For Akubra, I started this week by scouring the web for existing blob storage APIs.  I've been keeping disorganized notes here and there, and decided it was past time to start a wiki page on the topic.  As the links started piling up, I realized it would be really useful to have a "capability matrix" for the APIs as well as existing implementations.  It's not finished yet, but here's where I'm keeping it: Analysis of Existing Approaches. I hope to have the matrix finished by Monday night.

This week, I also:

  • Reviewed Eddie's Mulgara/SPARQL update for 2.2.4.
  • Updated the subversion config in src/build to use correct line endings for .sh/.bat.  Bill updated the svn properties on the existing files.
  • Got an open source/nonprofit license for the Gliffy Confluence Plugin.  Dan installed it.  I really like the way these plugins can be installed and enabled straight through the Confluence admin interface, while it's running.
  • Merged in FCREPO-253 after Bills review
  • Started reviewing Eddie's branch, FCREPO-254
  • Did some top-secret firewall configuration stuff.  I suppose it's not good for me to go into details publicly.
Week of 2008-09-15

This week, I:

  • Concentrated almost exclusively on Akubra (see below)
  • Did some tweaks on our custom "Reviewer" workflow in our Jira installation
  • Set up nightly postgres snapshots on the production box since we're now in production with Confluence and Jira
  • Copied Eddie's test "Developer's Blog" wiki page and added an Atom feed.  This now lives in, and is linked from the Developer's Forum space in Jira.  We're now each doing weekly updates as News items in our personal space, which then get aggregated to this page.

Akubra progress

  • Got initial File System (org.fedoracommons.akubra.fs) implementation done
  • Gave an update on Akubra at the weekly architecture meeting on Tuesday
  • Had some good discussions on the Akubra Developer's Mailing List.
  • Learned about the API behind the Storage Resource Manager (SRM), which is used by the Large Hadron
    Collider Computing Grid (LCG).

I also had an initial exchange with Richard Rodgers regarding DSpace-Fedora Commons collaboration on low-level storage. Richard has been working on Pluggable Stores for DSpace 2.0, and from the look of it, we have a lot of the same sensibilities about this layer being thin and free of higher-level OAIS semantics. I'm looking forward to more discussions to come.

Akubra Intro and Update

Below are the notes I used for the Akubra update in today's architecture meeting.

What's Akubra About?

  • A standard Java interface for reading/writing files, but at a different level of abstraction than a filesystem
  • Transactional by design (but implementations may ignore transaction semantics)
  • Exploring web-based exposure
  • From the Akubra wiki: Requirements and Goals

Note: The Akubra wiki is hosted at http://topazproject.org/akubra

Anyone is welcome to sign up to the dev and general mailing lists.

Filesystem vs. BlobStore

Common filesystems:

  • Have directories
  • Can provide system metadata about files (e.g. size, modified date)
  • Allow partial reads and writes of files

An Akubra BlobStore:

  • Has a collection of URI-addressable bitstreams (no "directories")
  • Only provides the size of each file -- is not concerned with other system metadata (yet?).
  • May allow partial reads (InputStreams can skip()...)
  • Does not allow partial writes

Java API

This is in flux.  We are currently testing the design with a simple filesystem implementation.

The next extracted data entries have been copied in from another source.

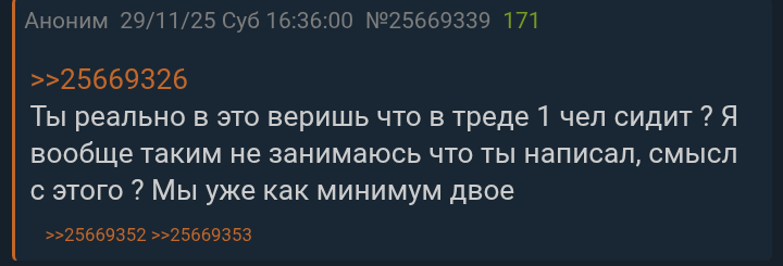 >>25669326 Хз, я один раз нахуярил 10 реплаев на фотку овлы и мне вообще похуй было. Хуй знает, кто боится, что ему ебанько жировик напишет, что он один анон. Еще бы я блять заходил с разных браузеров и айпишников >не палится Ой, как же страшненько, блин
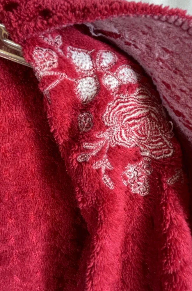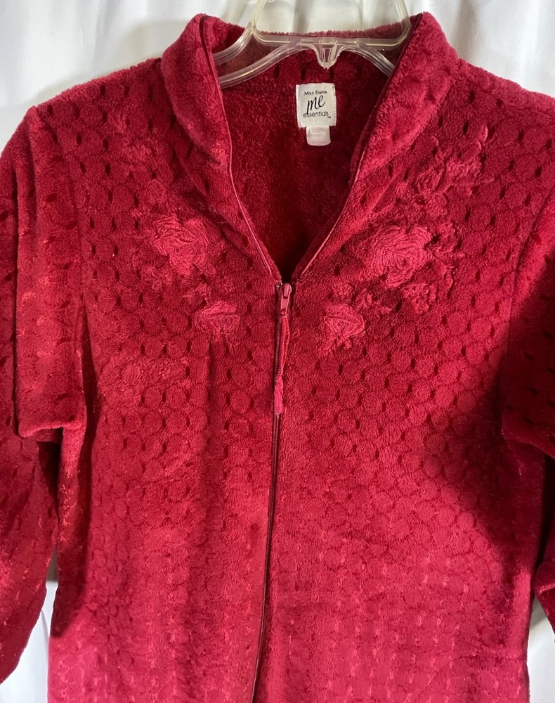 Great condition Tag is worn Zip up Size Small 2 side pockets Soft Embroided 47” length from shoulder to hem...
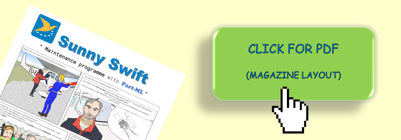20 Jan 2021 News category Sunny Swift Related domains General Aviation DownloadsRelated ContentRelated NewsGet notified via email alerts View translations Related Content Downloads [pdf] EASA Sunny Swift: Maintenance programme with Part-ML (PL) Translations: bg cs da de el es et fi fr hr hu it IS lt lv nl NO pt ro sk sl sv Related Content 10 Sep 2025 Easy Access Rules Popular Easy Access Rules for Continuing Airworthiness Revision from September 2025 — Available in pdf & XML format EASA SIB 2020-05: Aircraft Maintenance Programme under Part-ML EASA GA maintenance leaflet for owners & pilots Advanced Preflight After Maintenance Best Practices Guide for Maintaining Aging General Aviation Airplanes General Aviation MaintenanceRelated Accidents: A Review of Ten Years of NTSB Data FAA AC 20-143 Maintenance of GA engines controls Sunny Swift all issues and subscription Join the GA Community! Related News 24 Jan 2025 News Sunny Swift: ADS-L: see and be seen Issue 41 Sunny Swift 27 Feb 2024 News Sunny Swift: Technical occurrence reporting Issue 40 Sunny Swift 03 Aug 2023 News Sunny Swift: Let’s practise using a glass cockpit Issue 39 Sunny Swift 23 Mar 2023 News Sunny Swift: Trim runaway Issue 38 Sunny Swift 16 Dec 2022 News Sunny Swift: Stay within your comfort zone Issue 37 Sunny Swift Get notified via email alerts Stay informed when we publish new content like this. You can always unsubscribe or update these settings later on. Create an account with your email or login Email address ?
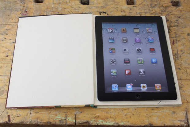 Los ganchos agregar alrededor de 2cm del grosor de la tableta por lo que su libro tiene que ser lo suficientemente gruesa como para contener ambos.
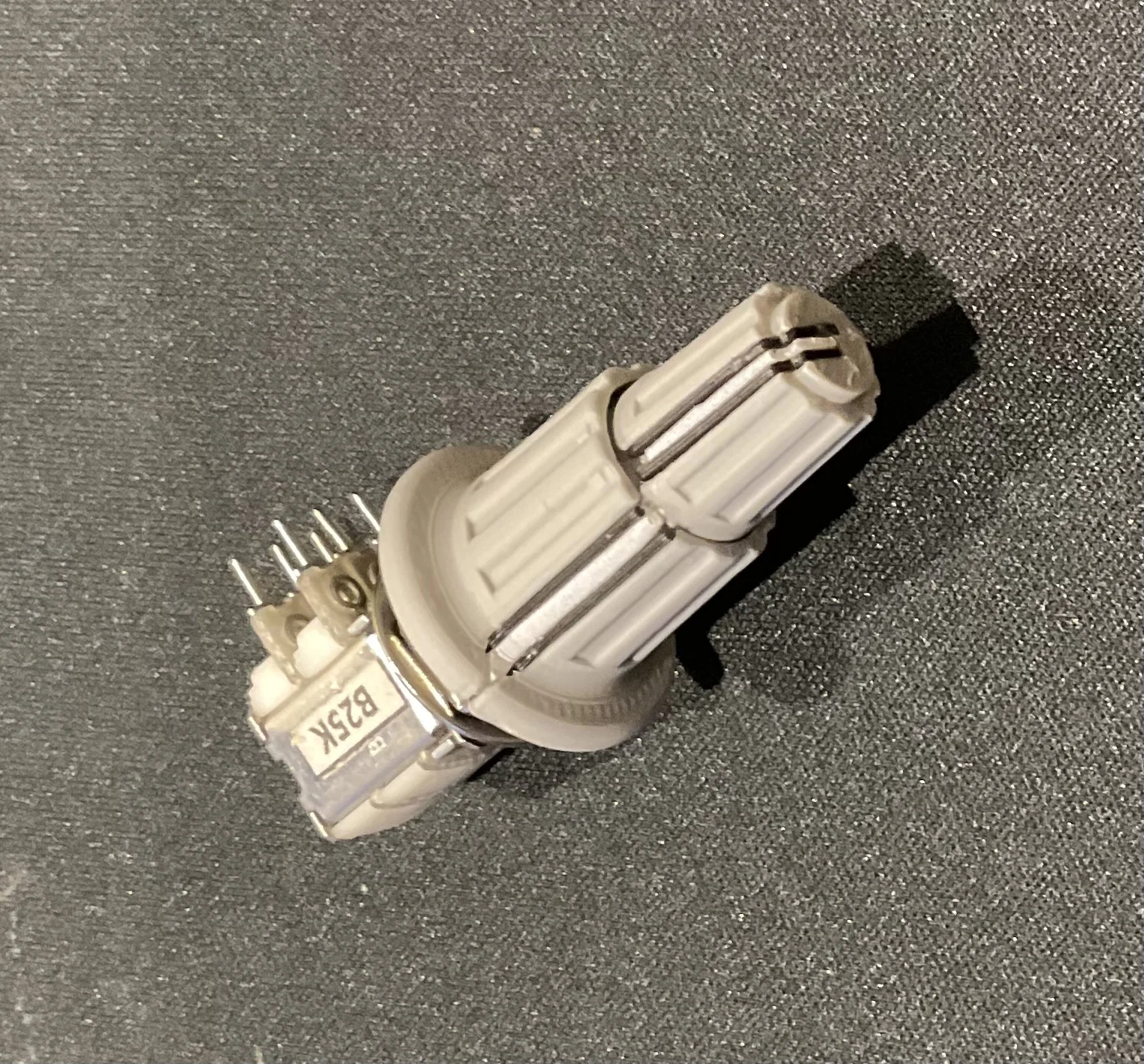 Do trục potentiometer lớn che mất đường sáng nên rất ít ánh sáng lên được vạch chỉ thị của núm trên.

Blob (A finite, readable bitstream)
BlobStore (For getting connections)
BlobStoreConnection (For CRUD operations) 

 Transactions

  Level of support varies per-implementation (some can "fake it")
  Why: To execute a mixed set of CRUD operations of several files as one atomic unit of work.
  Observation: We can build a transactional blob store on top of a non-transactional one...with the help of a DB.

Example non-transactional BlobStore: FSBlobStore (see FSBlobStoreConnection)

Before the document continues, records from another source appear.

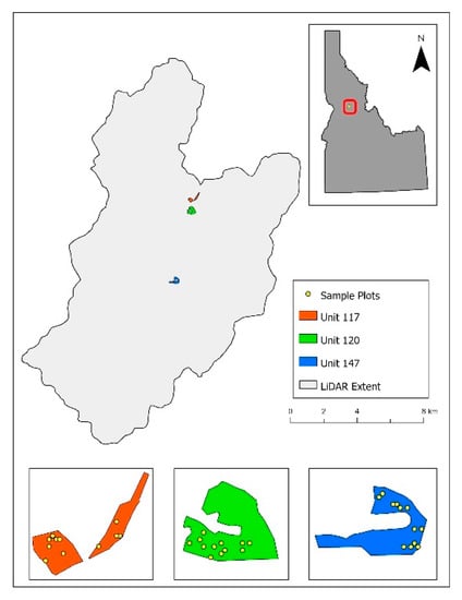 - Fekety, P.A.; Falkowski, M.J.; Hudak, A.T.; Jain, T.B.; Evans, J.S. Transferability of lidar-derived basal area and stem density models within a Northern Idaho ecoregion. Can. J. Remote Sens. 2018, 44, 131–143. [Google Scholar] [CrossRef]
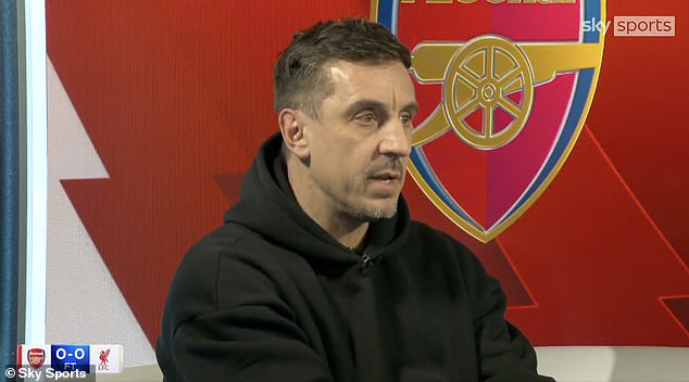 Gary Neville said he was surprised no Liverpool players gave Gabriel Martinelli a ‘whack’
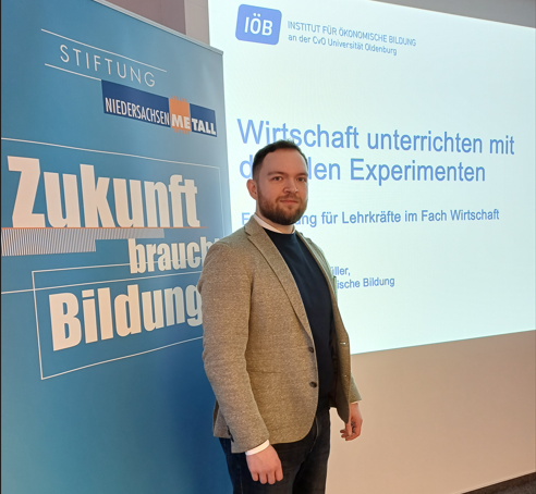 Ökonomische Bildung ist ein zentraler Baustein der MINT-Förderung – doch oft wird sie nur allgemein und fächerübergreifend vermittelt. Um Lehrkräfte im Schulalltag zu unterstützen, lud die Stiftung NiedersachsenMetall Anfang Januar 2026 zur Fortbildung „Wirtschaft im Unterricht“ ein. 15 Lehrkräfte aus ganz Niedersachsen nahmen an dem eintägigen Seminar teil. Als Referent gewann die Stiftung Albert Henning Müller, Wissenschaftlicher Mitarbeiter am Institut für Ökonomische Bildung (IÖB) der Universität Oldenburg und Mitentwickler des OX-Lab. Unter dem Motto „Wirtschaft lernen im Labor“ werden Unterrichtsinhalte durch handlungsorientierte Experimente greifbar gemacht.
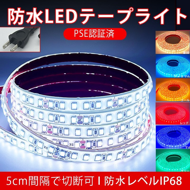 ※※テープはIP68の防水加工しておりますが、テープとコンセントの接続部分は水中に使用しないでください。
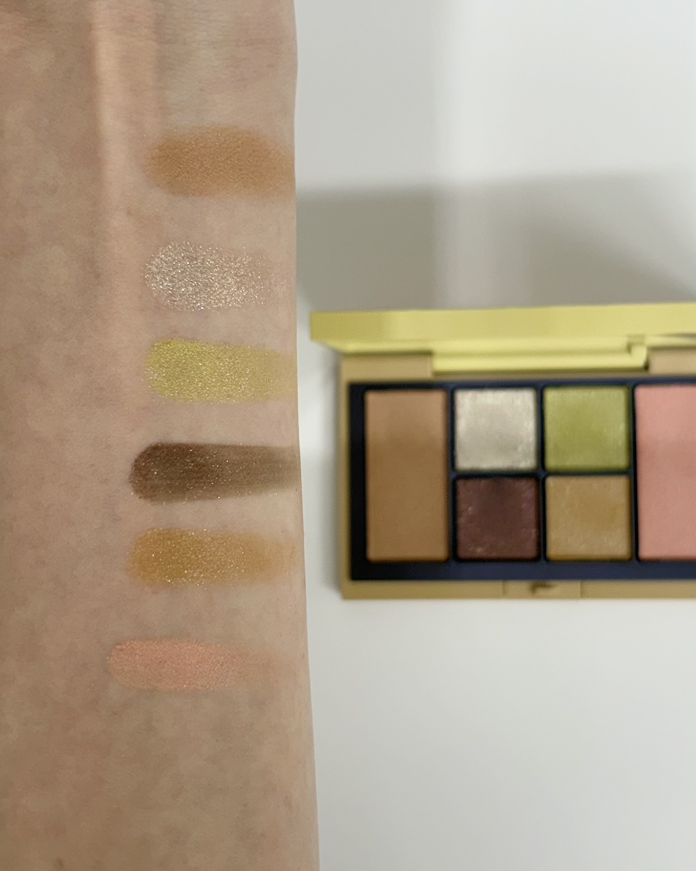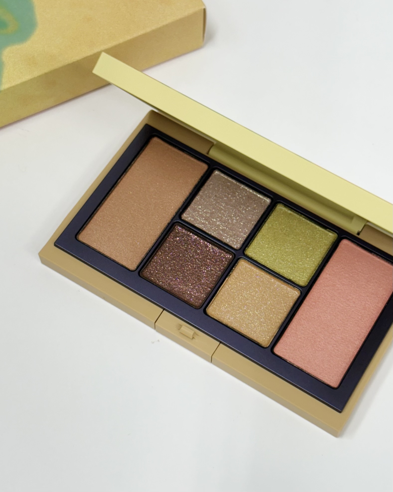 異国の情景にインスパイアされた豊かな色と質感のアイシャドウ4色、降りそそぐ陽射しを思わせるブロンザーとチークがセットされた限定パレット。

Higher-level BlobStore TBD:

  • Uses FSBlobStore to persist data
  • Uses database to support transactions (via id mapping)

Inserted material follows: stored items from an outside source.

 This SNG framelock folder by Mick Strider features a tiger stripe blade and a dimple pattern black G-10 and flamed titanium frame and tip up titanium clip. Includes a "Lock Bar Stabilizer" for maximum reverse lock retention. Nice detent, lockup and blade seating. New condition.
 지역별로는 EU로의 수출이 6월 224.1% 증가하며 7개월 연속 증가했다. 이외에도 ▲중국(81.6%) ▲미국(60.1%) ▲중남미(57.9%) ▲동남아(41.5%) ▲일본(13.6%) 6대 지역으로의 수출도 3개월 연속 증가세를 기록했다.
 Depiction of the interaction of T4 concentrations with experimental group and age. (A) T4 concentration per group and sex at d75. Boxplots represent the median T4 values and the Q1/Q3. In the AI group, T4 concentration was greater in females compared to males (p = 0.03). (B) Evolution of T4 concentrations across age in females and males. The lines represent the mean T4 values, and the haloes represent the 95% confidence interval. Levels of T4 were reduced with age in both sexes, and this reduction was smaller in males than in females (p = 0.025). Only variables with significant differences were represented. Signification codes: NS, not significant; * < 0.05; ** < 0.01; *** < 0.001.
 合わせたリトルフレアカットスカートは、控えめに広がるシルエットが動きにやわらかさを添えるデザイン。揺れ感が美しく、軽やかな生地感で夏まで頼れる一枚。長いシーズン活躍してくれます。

Other possible storage Plug-Ins:

  • S3 (anything based on current LLStore should be easy to port over)
  • ZFS (already transactional, does not need layering)
  • Centera (content-addressible...ids not available till content is written)
  • Sam/QFS (hierarchical storage implies graceful handling of delays...not a use case we've factored in yet)

Web-based exposure?

  • Opens up use of akubra-java impls to other (remotely-running) programs
  • Allows an akubra impl that's a client to remote akubra instance
  • Lots of interesting possibilities!
Week of 2008-09-08

This week I completed the initial migration from the Sourceforge Trackers to our Jira installation.  They're now under the Jira Project, FCREPO (view all issues).  This process gave me a chance to learn quite a bit about Jira and how to customize things. 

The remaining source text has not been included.